The rabbit nodded, the rocking of his ears a symbol of his delight that he doubted Akabaieth understood, but those familiar with him would know well. "It is hardly an imposition on my account. And if it gives you some measure of happiness, then why not? Being a former Fleet Admiral, and the adopted son of the King himself does has its privileges."

"Father, that sort of delay will set our trip to Ellcaran back several days," Vinsah pointed out. "They will be quite worried if we do not appear at the appointed hour."

Akabaieth closed his eyes, an expression of weariness passing over his face, the age seeping back into the lines and creases. "Vinsah, my good and dear friend, the priest of the Ellcaran diocese is here at Metamor, we only have to tell him and he will understand and change the arrangements accordingly. And I have not smelled the sea in over two months. I tire of this air, I need salt in it. It just is not right otherwise."

Phil nodded his head in understanding. "A truly Whalish sentiment! I will send a dispatch to the Proctor from Whales in Menth this very evening. I'll notify him to expect your arrival and instruct him to afford you every courtesy."

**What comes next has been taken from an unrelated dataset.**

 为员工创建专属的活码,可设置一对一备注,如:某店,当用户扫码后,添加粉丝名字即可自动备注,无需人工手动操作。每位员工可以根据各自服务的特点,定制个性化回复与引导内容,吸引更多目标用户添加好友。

Akabaieth nodded in thanks. "And would you be so kind as to keep my identity a secret? Nobody in that town is expecting us, and it would be pleasant to arrive inconspicuously for once."

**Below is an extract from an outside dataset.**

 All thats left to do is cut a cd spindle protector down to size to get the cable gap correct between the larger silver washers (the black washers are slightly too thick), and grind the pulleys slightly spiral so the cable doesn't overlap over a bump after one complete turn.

The rabbit rocked his ears once again, finding yet another sentiment in common with the Pontiff. "Of course. I will draw up a note for you to carry to our Proctor. I am sure he will be quite astonished to find that he has the head of one of the most powerful faiths in the world on his hands!"

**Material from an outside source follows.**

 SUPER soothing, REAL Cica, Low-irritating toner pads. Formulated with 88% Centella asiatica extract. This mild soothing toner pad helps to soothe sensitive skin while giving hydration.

Thomas chortled at that, his laughter booming across the ceiling. "I'm glad to see you are getting your wish, Akabaieth."

The Patriarch appeared to be genuinely giddy at the prospect, his hands curving over themselves, as if he were tying one of those seaman knots. His eyes passed upwards as another servant brought in the next course. A large gold platter was carried in and laid in place of the bread dishes. The tray was filled with greens of every variety: lettuce, cabbage, celery stalks, cauliflower, broccoli, as well as cucumbers sliced crossways, and zucchini cut lengthwise framing the whole entourage. Egg whites dotted the surface, while the yolks had been crushed and sprinkled overtop the bountiful arrangement. Even a few mushrooms laced the collection, but they were hardly abundant when compared to the rest of the feast.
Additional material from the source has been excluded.